Open mrshirts opened 3 years ago

mrshirts commented 3 years ago

Suggestion that each instance of the simulation running has its own directory.

Many simulation programs generate intermediate files that have names that are the same each time the program in invoked. Having multiple instances of the simulation running the the same directory is likely to cause problems with the simulations interfering with each other.

Users should not need to know what the paths of those directories are; this would be something that scale-ms manages automatically.

FYI, Signac from the Glotzer group is a good thing to look at for inspiration for a software that manages large scale simulation ensembles (no adaptive control there, just keeping track of lots of files from lots of instances of programs): https://docs.signac.io/en/latest/)

peterkasson commented 3 years ago

I think each instance should have its own sandbox, but this shouldn't be by default persistent or externally accessible: declared outputs are returned outside of the sandbox. (Having a complex externally accessible tree of results files is something we did with Copernicus, and it was a real pain from a user point of view.) Does that make sense?
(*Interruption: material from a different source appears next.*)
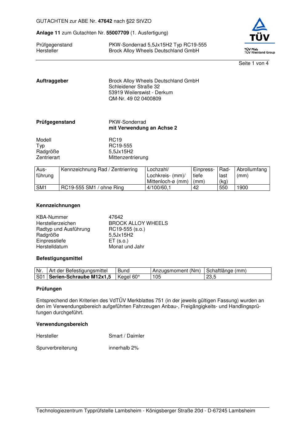 Dieses Gutachten (abe) bezieht sich auf die Alufelge Brock RC19-555 in der Ausführung 5.5Jx15 ET 0, Mittenloch 0 mm (KBA 47642). Im PDF findest du typischerweise zulässige Reifengrößen, Auflagen/Anbauhinweise und – je nach Dokument – Hinweise zur Eintragung.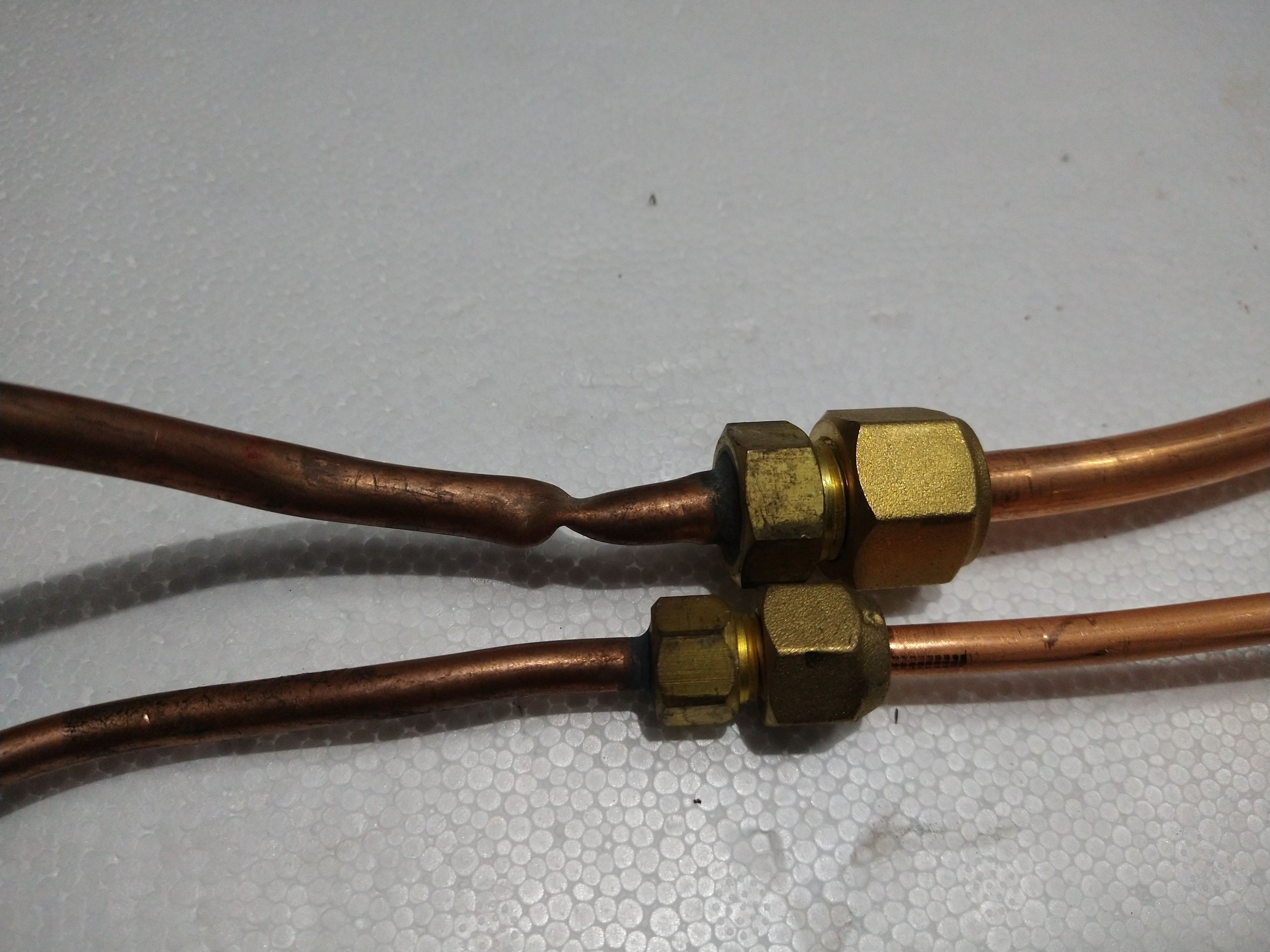 状態を確認せずに補助配管がねじれていたり、潰れていたまま設置して使用しますと、運転時に異音が発生して能力が低下したり、最悪の場合は室外機のコンプレッサーが故障して短期間で買い替えになります。

On Tue, Nov 24, 2020 at 8:06 AM Michael Shirts notifications@github.com wrote:

Suggestion that each instance of the simulation running has its own directory.

Many simulation programs generate intermediate files that have names that are the same each time the program in invoked. Having multiple instances of the simulation running the the same directory is likely to cause problems with the simulations interfering with each other.

Users should not need to know what the paths of those directories are; this would be something that scale-ms manages automatically.

FYI, Signac from the Glotzer group is a good thing to look at for inspiration for a software that manages large scale simulation ensembles (no adaptive control there, just keeping track of lots of files from lots of instances of programs): https://docs.signac.io/en/latest/)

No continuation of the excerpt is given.